Los nueve excursionistas soviéticos abandonaron su tienda en plena tormenta dejando botas, abrigos, comida y cámaras perfectamente acomodados, y semanas después los rescatistas encontraron la lona cortada desde adentro y huellas casi descalzas bajando hacia el bosque. Pero cuando comenzaron a aparecer los cuerpos entre la nieve, cada descubrimiento volvió más difícil explicar qué pudo obligarlos a huir aquella noche.

PARTE 1 — LA NOCHE EN QUE NUEVE PERSONAS SALIERON SIN BOTAS A 25 GRADOS BAJO CERO

La tienda seguía clavada sobre la pendiente blanca de los Urales, torcida por semanas de viento y parcialmente cubierta por nieve, pero todavía en el mismo lugar donde nueve excursionistas soviéticos la habían levantado la noche del 1 de febrero de 1959. Cuando los rescatistas entraron el 26 de febrero, encontraron botas, abrigos gruesos, mochilas, documentos, cámaras y comida, como si sus dueños hubieran abandonado la cena de golpe.

Lo más desconcertante no estaba en el interior, sino en uno de los costados de la lona: había cortes realizados desde dentro. Nadie podía explicar por qué nueve personas experimentadas habrían preferido romper su único refugio y salir prácticamente sin calzado a una noche cercana a los 25 grados bajo cero.

Todo había comenzado semanas antes, cuando diez jóvenes emprendieron una exigente expedición de esquí hacia los Urales del norte. La mayoría eran estudiantes universitarios de poco más de veinte años, acostumbrados a orientarse en condiciones difíciles, montar campamentos y pasar varios días aislados en regiones donde cualquier error podía convertirse rápidamente en una emergencia.

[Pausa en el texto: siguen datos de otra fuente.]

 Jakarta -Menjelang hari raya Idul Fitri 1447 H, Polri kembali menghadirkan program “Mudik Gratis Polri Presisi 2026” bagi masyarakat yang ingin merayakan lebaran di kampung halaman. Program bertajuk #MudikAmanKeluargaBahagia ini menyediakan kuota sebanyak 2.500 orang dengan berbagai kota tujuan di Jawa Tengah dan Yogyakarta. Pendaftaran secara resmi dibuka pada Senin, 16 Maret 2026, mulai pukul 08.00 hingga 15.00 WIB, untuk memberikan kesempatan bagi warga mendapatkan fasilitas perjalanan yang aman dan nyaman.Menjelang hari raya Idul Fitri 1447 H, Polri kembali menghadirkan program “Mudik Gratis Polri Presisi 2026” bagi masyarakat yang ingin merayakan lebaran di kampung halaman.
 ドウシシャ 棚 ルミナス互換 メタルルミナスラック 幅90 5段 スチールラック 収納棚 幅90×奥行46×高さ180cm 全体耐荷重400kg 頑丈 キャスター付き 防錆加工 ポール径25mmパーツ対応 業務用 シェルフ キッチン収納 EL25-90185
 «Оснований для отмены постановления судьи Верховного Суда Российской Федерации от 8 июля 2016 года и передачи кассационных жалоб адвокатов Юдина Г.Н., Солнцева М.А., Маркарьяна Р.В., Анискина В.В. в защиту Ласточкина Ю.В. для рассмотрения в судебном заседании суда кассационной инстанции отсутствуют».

Al frente estaba Igor Diatlov, de veintitrés años, conocido por ser meticuloso y organizado, mientras Semion Zolotariov, un instructor deportivo de treinta y siete años con experiencia militar, aportaba todavía más experiencia al grupo. No eran turistas improvisados y la ruta que habían elegido se encontraba entre las más exigentes para expediciones de esquí de aquella época.

El 23 de enero de 1959 partieron entre bromas, fotografías y despedidas, dejando atrás las ciudades mientras avanzaban hacia una región cada vez más aislada. En los diarios y fotografías que conservaron no aparecía ningún miedo especial, solamente el entusiasmo de jóvenes que consideraban aquel viaje otro desafío importante.

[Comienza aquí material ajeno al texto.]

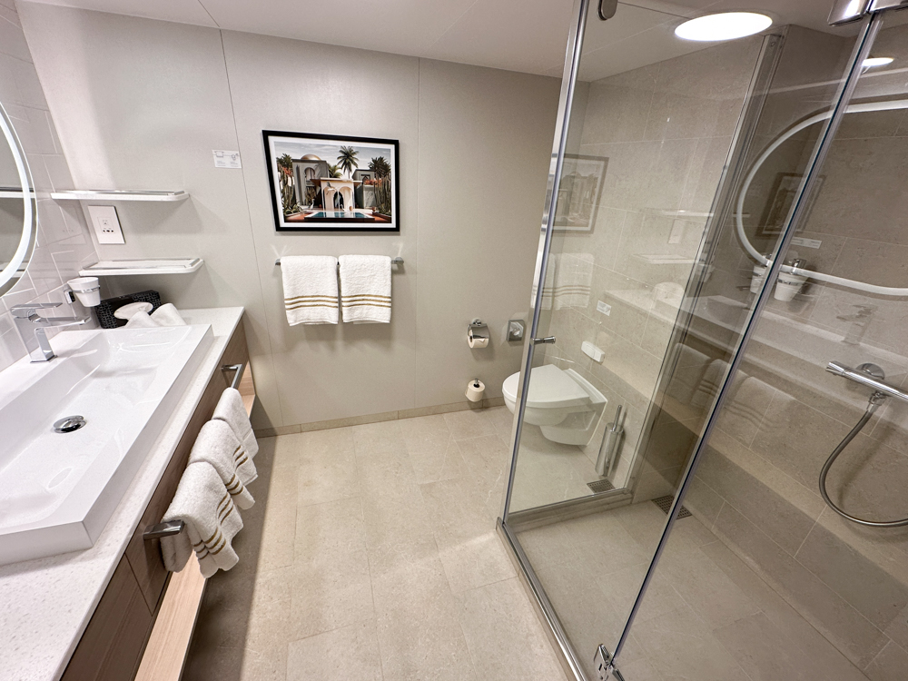 Bij elke suite horen een aantal extra’s: snellere inscheping, een (leen) spelcomputer met spelletjes (een Switch), gratis wifi, kosteloze minibar (tweemaal per dag bijgevuld) én toegang tot de vele exclusieve suite ruimtes die ik hierboven heb benoemd.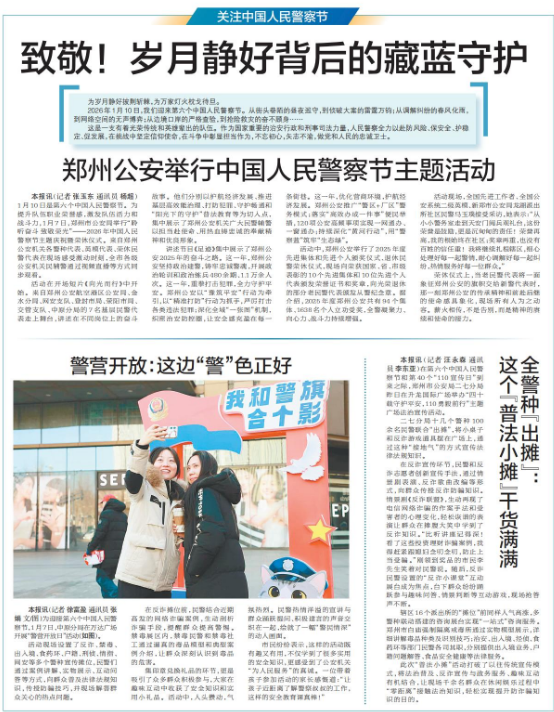 1月10日是第六个中国人民警察节。为提升队伍职业荣誉感,激发队伍活力和战斗力,1月7日,郑州市公安局举行“聆听奋斗 致敬荣光”——2026年中国人民警察节主题庆祝暨荣休仪式。来自郑州公安机关各警种代表、英模代表、荣休民警代表在现场感受激动时刻,全市各级公安机关民辅警通过视频直播等方式同步观看。(今日《郑州日报》2版)
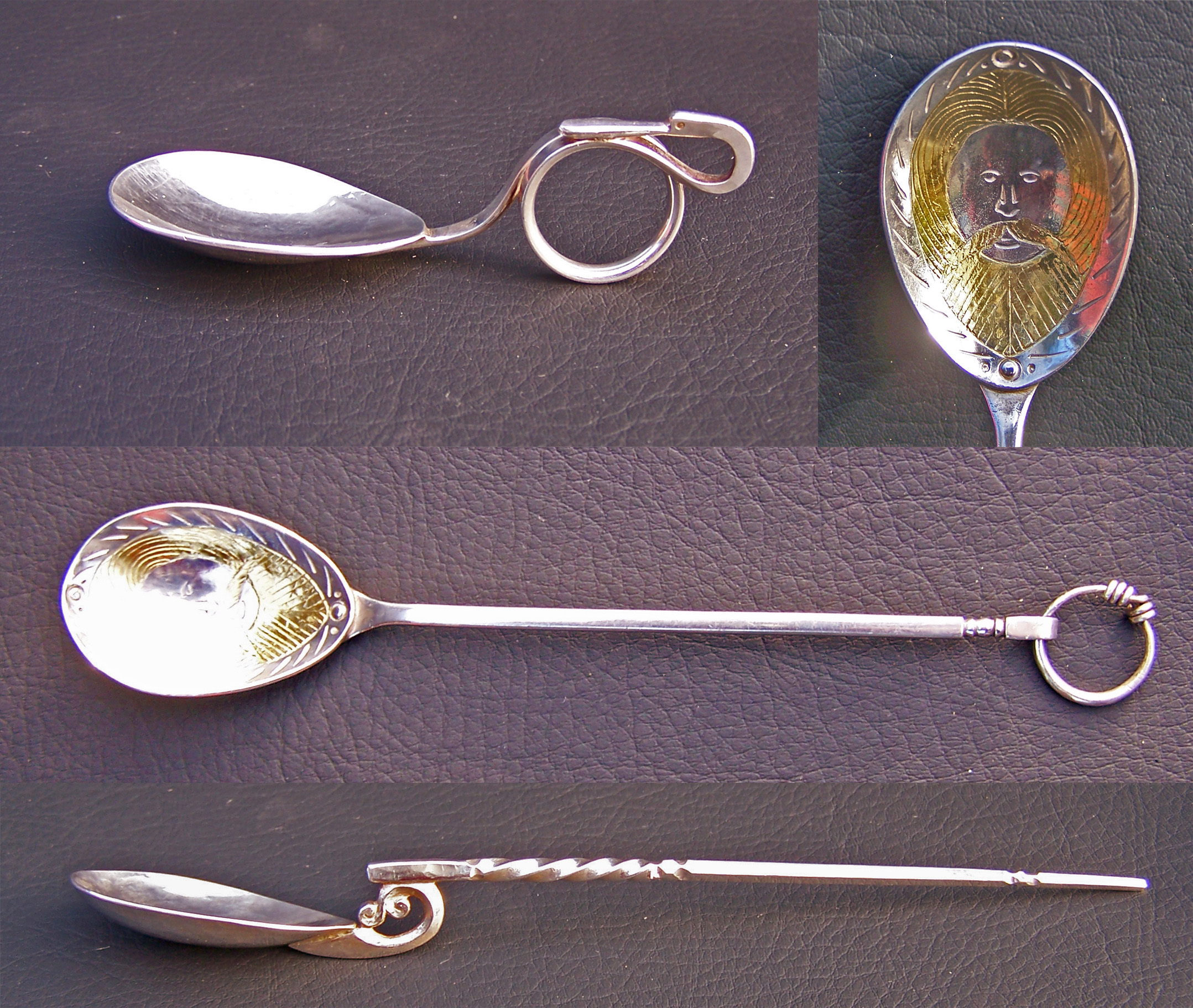 Ever since the discovery and publication of the Thetford Treasure people have been asking me to make historically inspired spoons for them. These are all sterling silver, though the one with the engraved face has been gilded. The spoon at bottom is very typical of late Roman table ware, as is the spoon with the looped handle with the Duck shaped terminal.

Cinco días después surgió el primer cambio inesperado.

Yuri Yudin comenzó a sufrir fuertes dolores relacionados con problemas de salud anteriores y el 28 de enero decidió regresar para no retrasar a sus compañeros. Se despidió de ellos uno por uno y los observó alejarse entre los árboles, sin imaginar que sería la última persona del grupo que volvería con vida.

Los otros nueve continuaron avanzando hacia el norte, montando la tienda por las noches, utilizando su pequeña estufa, escribiendo en el diario y fotografiando el paisaje. El 31 de enero dejaron parte de sus alimentos y equipo escondidos en un depósito de nieve para aligerar las mochilas antes del tramo más complicado.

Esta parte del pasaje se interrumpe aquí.